| Partial correlation between two variables given a correlation matrix {corrfuns} | R Documentation |
Partial correlation between two variables when a correlation matrix is given
Description
Partial correlation between two variables when a correlation matrix is given.
Usage
partialcor(R, indx, indy, indz, n)
Arguments
R |
A correlation matrix. |
indx |
The index of the first variable whose conditional correlation is to estimated. |
indy |
The index of the second variable whose conditional correlation is to estimated. |
indz |
The index of the conditioning variables. |
n |
The sample size of the data from which the correlation matrix was computed. |
Details
Suppose you want to calculate the correlation coefficient between two variables controlling for the effect of (or conditioning on) one or more other variables.

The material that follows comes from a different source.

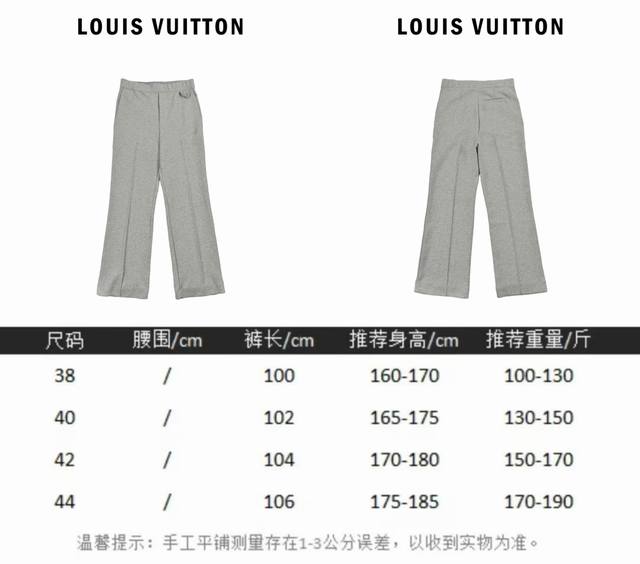 Louis Vuitton Brooch-Embroidered Space Cotton Trousers (Originally purchased for ?18,200). Made entirely of 360g soft, stretchy custom space cotton, these trousers feature a classic silhouette crafted from densely spun cotton knit. Elegant pleats at the front and back add a touch of sophistication, creating an inverted triangle shape that flatters the legs. A Staples strap adorns the lower waist, and the brooch and logo embroidery on the left leg utilize a three-dimensional padding embroidery technique. Lightweight and compact cotton trousers, with a standard mid-rise straight leg and a relaxed, slightly flared cut that effectively flatters the legs, concealing any figure flaws while highlighting their length. A must-have for early autumn, formal yet stylish, a perfect example of business casual. Size: 38-44
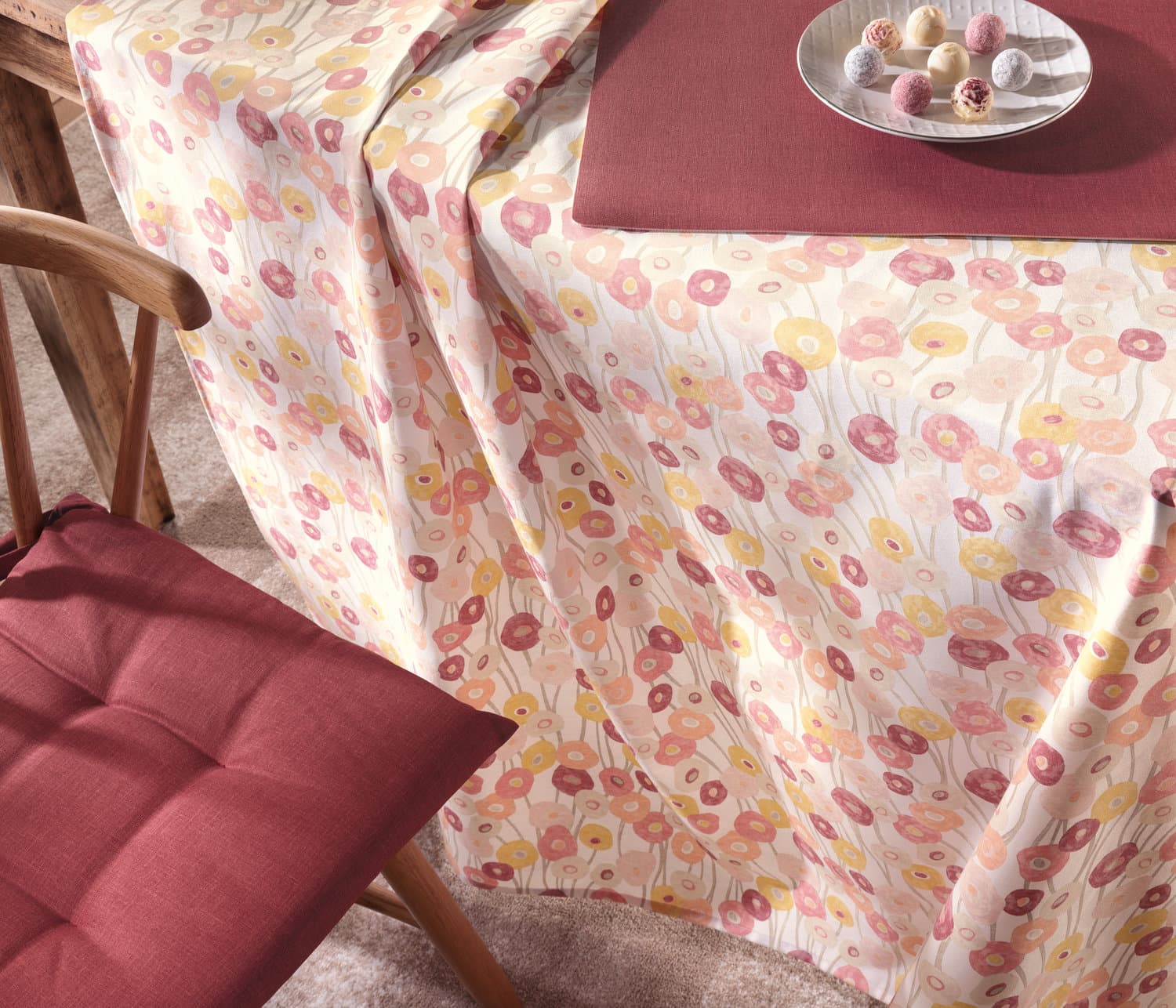 Diese Tischdecke schützt den Tisch und sieht dabei schön aus. Sie liegt glatt auf dem Tisch. Ideal für den täglichen Gebrauch zu Hause.

So you cant to calculate \hat{\rho}\left(X,Y|{\bf Z}\right), where \bf Z is a matrix, since it does not have to be just one variable. Using the correlation matrix R we can do the following:
r_{X,Y|{\bf Z}}=
{
\begin{array}{cc}
\frac{R_{X,Y} - R_{X, {\bf Z}} R_{Y,{\bf Z}}}{
\sqrt{ \left(1 - R_{X,{\bf Z}}^2\right)^T \left(1 - R_{Y,{\bf Z}}^2\right) }} & \text{if} \ \ |{\bf Z}|=1 \\
-\frac{ {\bf A}_{1,2} }{ \sqrt{{\bf A}_{1,1}{\bf A}_{2,2}} } & \text{if} \ \ |{\bf Z}| > 1
\end{array}
}
The R_{X,Y} is the correlation between variables X and Y, R_{X,{\bf Z}} and R_{Y,{\bf Z}} denote the correlations between X & \bf Z and Y & \bf Z, {\bf A}={\bf R}_{X,Y,{\bf Z}}^{-1}, with \bf A denoting the correlation sub-matrix of variables X, Y, {\bf Z} and A_{i,j} denotes the element in the i-th row and j-th column of matrix A. The |{\bf Z}| denotes the cardinality of \bf Z, i.e. the number of variables.
Value
The partial correlation coefficient and the p-value for the test of zero partial correlation.
Author(s)
Michail Tsagris
R implementation and documentation: Michail Tsagris mtsagris@uoc.gr.
See Also
Examples
r <- cor(iris[, 1:4])
partialcor(r, 1, 2, 3:4, 150)